Posted by fidest press agency su lunedì, 3 febbraio 2020

«Anche oggi qualcuno non vuole guardare e anche adesso qualcuno dice che non è vero», ha detto la senatrice a vita Liliana Segre nel discorso tenuto al Parlamento europeo in occasione della cerimonia per la Giornata della memoria, per ricordare il 75esimo anniversario della liberazione del campo di sterminio di Auschwitz (Corriere). A vent’anni dalla nascita della Giornata della memoria, è tempo di bilanci, scrive David Bidussa. Non solo per capire il posto che questo giorno occupa nella sensibilità pubblica, ma anche per interrogarsi sulle date memoriali che consentirebbero di tratteggiare un’identità europea in continua costruzione. Ed è il caso di chiederselo proprio in un momento in cui c’è chi propone di azzerare il passato che lo disturba, senza ricordarsi che la storia va raccontata “a parti intere”. E in un momento in cui aumentano gli italiani che negano la Shoah, passati – secondo il Rapporto Italia 2020 dell’Eurispes – dal 2,7% del 2004 al 15,6% di oggi (Il Sole 24 Ore).
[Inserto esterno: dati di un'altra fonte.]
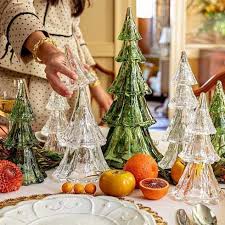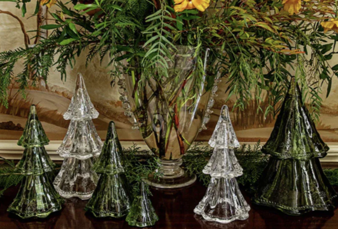 입으로 불어 만든 투명 유리 트리 세 개 세트는 베리와 실 장식으로 꾸며져 있으며,

Contro una certa deriva demagogica e le ostentazioni xenofobe e sovraniste che proliferano nel vecchio continente, l’editore Donzelli, nella nota introduttiva al Calendario civile europeo a cura di Angelo Bolaffi e Guido Crainz, spiega invece come la storia insegni che le identità sono costruzioni collettive che si aggregano e si scompongono nel tempo. Per comprendere la nostra identità europea e combattere i nazionalismi, allora, l’invito è tornare a studiare la storia, dopo anni e anni di “appannamento civile”. (fonte: Fondazione Giangiacomo Feltrinelli)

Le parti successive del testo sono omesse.